Georgie Mitchell gave up her job as a university lecturer teaching Child Development and Counselling and used a £7000 Start Up Loan to launch The Nests Little Smallholding, a rare breeds farm in the Ribble Valley, near Burnley, Lancashire. She ethically rears rare breed livestock that are free to roam, and sells her produce at farmers’ markets and supplies private hog roasts.
Georgie keeps all of her pregnant ewes and sows in an outbuilding based at her home, and has other livestock spread across several other sites totalling 40 acres. She currently has a flock of 70 sheep, three breeding sows and various poultry. She uses the animals for meat or breeding, except for the poultry who provide eggs only.
Two years ago Georgie helped out on a local farm whilst studying for her PGCE, and found an injured lamb. She asked the farmer if she could take the lamb home and nurse it back to health. After a couple of weeks, unsure if the lamb would survive, Georgie came home one day to find the healthy lamb bouncing around on the dining table! Soon after, the lamb was moved to her children’s Wendy house in the garden, before they realised that they would need to find a piece of land on which to keep her. Georgie spoke to a friend who was renting out a piece of land and this became Dotty the sheep’s new home.
After her experience rearing Dotty, Georgie decided to purchase more and more sheep and then bought some pigs to rear meat for the family. When the meat returned from the butcher’s Georgie was inundated with requests from friends and family to purchase the meat. It was then that she realised that she could make a business out of it.
Georgie has two young children, Dolly and Billy (3 and 6), and found that she rarely got to see them when working as a lecturer, so she quit her job and registered as a self-employed smallholder in May 2016. She was then encouraged to contact Business Enterprise and apply for finance. Georgie completed her business plan and was told by the advisor at BE that it was so good that no changes were required, and the application for her £7000 loan went straight through, allowing her to purchase more animals and rent more land.
Georgie does not currently employ anyone, but her partner and children help with the animals. She sells her produce at farmer’s markets three times a month and has also received interested from local restaurants who want to purchase her rare breed, excellent quality meat.
Georgie’s biggest challenges have come from a lack of knowledge about farming, but since starting out she has taught herself all she needs to know about the business.

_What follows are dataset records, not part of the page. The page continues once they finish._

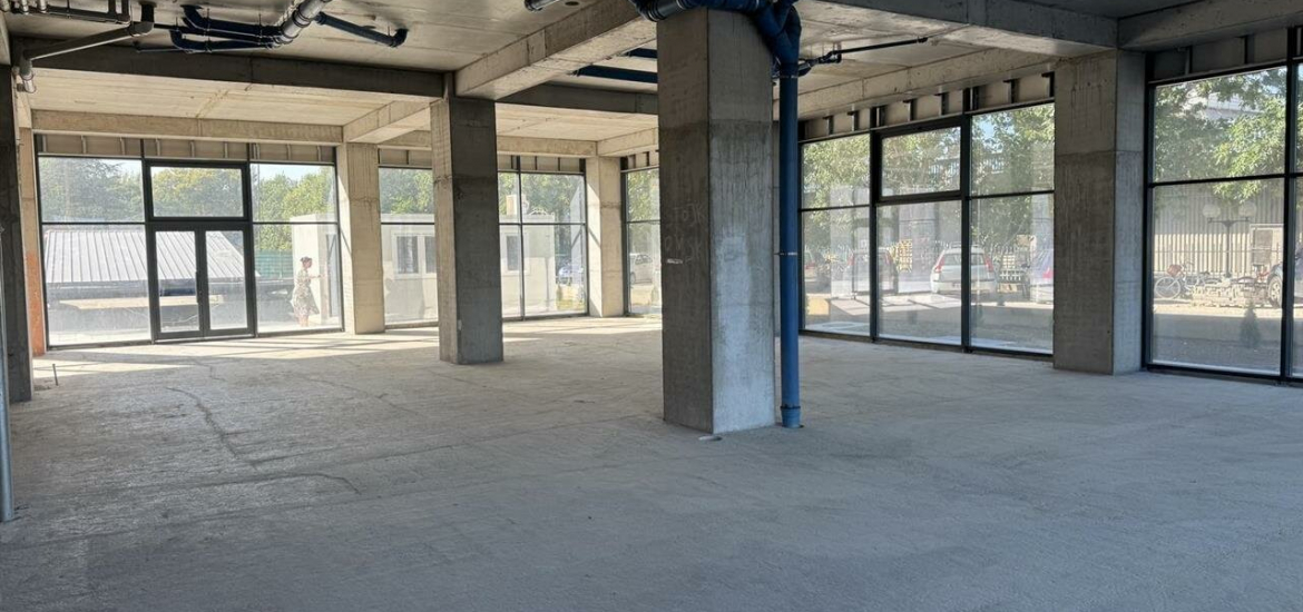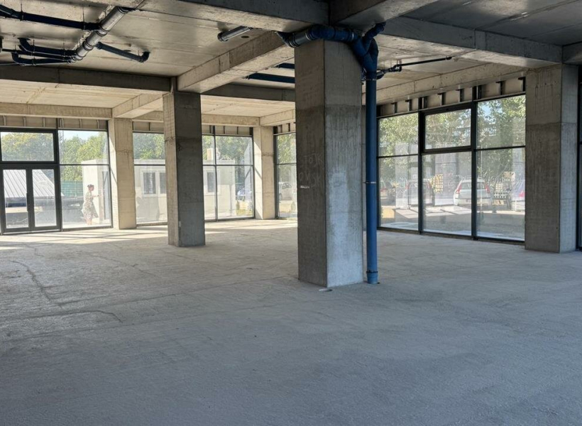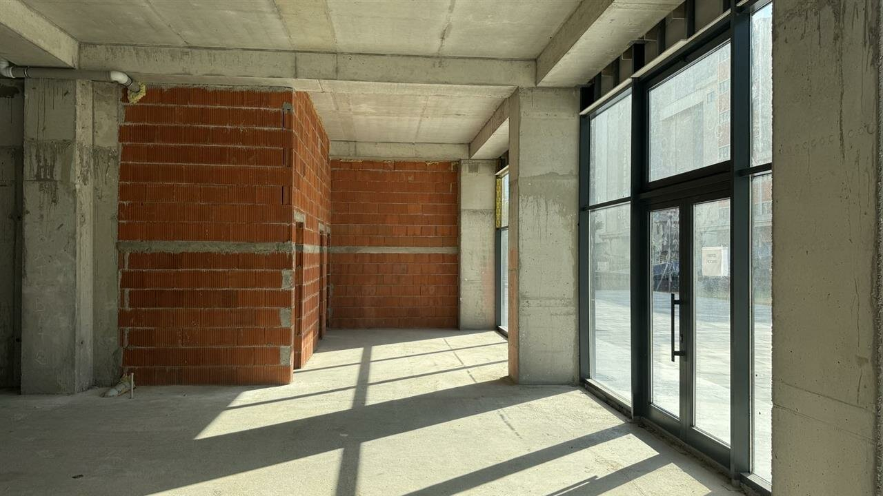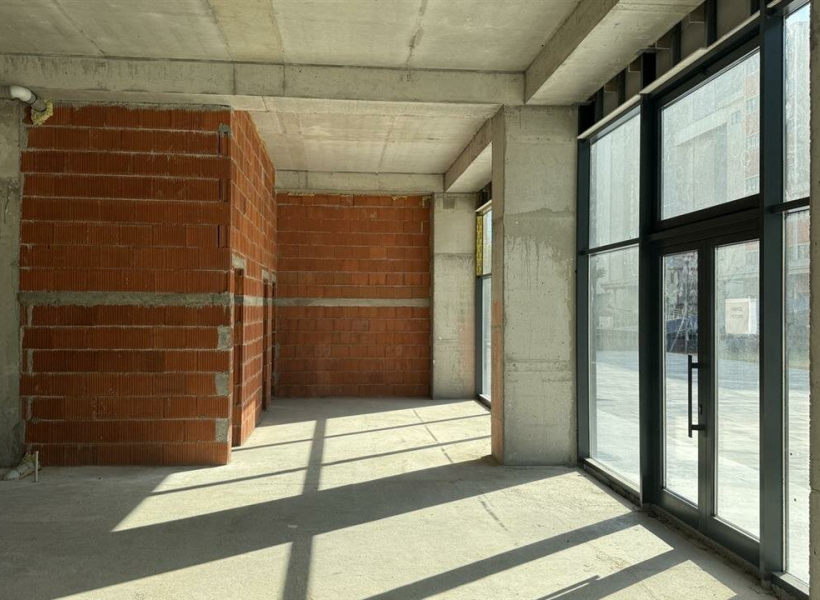 The property is currently in a shell and core stage (unfinished interior), divided into two sections:
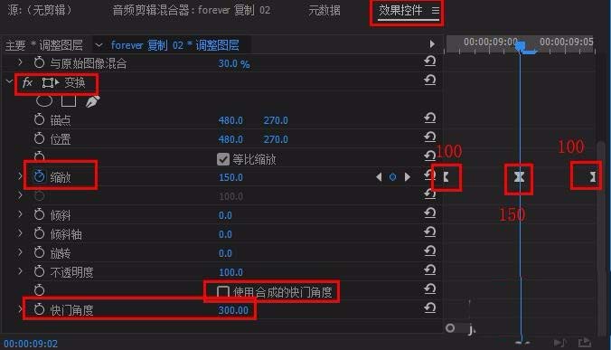 转场时间不宜过长,即两个关键帧距离不宜太远
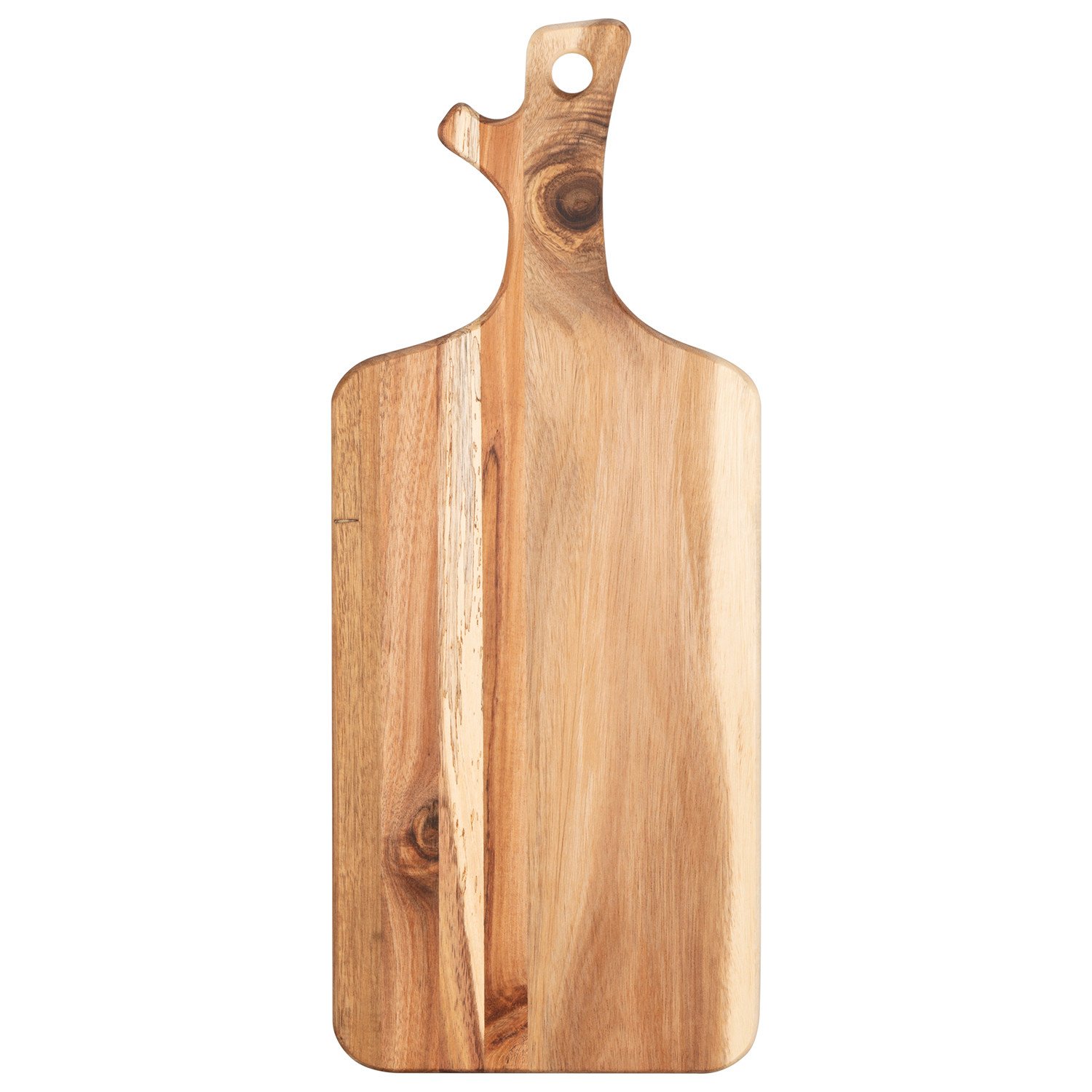 Perfect for creating a rustic, natural look in your kitchen, this Large Acacia Wood Handled Chopping Board features a decorative handle for ease of use. A great way to prep meals or create stunning serving platters, this is made from durable hardwood that is beautifully grained. A naturally antibacterial material, hand wash in warm soapy water after every use.

She has also found that, as a woman who rarely leave the house without make-up, many of the male farmers failed to take her seriously. However, after seeing her working the farm and attending auctions, they are now more receptive to what she is doing and help her to source additional pieces of land when required.
In the future Georgie plans to purchase a farm where she can live and keep the animals close by rather than having to pour huge chucks of her profit into the petrol tank. She is also about to return to teaching part-time in primary schools with a programme that she has written called ‘Thought For Food’, which aims to educate children about rearing livestock, meat production and incorporates ICT, maths and literally skills. Further to this, Georgie plans to start selling chicken, and would like to add to her animal stock. She had considered purchasing calves but, after a recent head-butt by a sheep that resulted in a broken jaw, has decide against this for now.
Georgie worked with a mentor and found it to be very helpful. Of the Start Up Loans process she said:
“It’s been amazing and I couldn’t ask for anything more. The two ladies I worked with were very helpful and supportive and it was great to have someone who understood the loan process believing in me.”
Georgie plans to apply for top-up funding imminently to help fund the educational aspect of the business and as well as a new vehicle.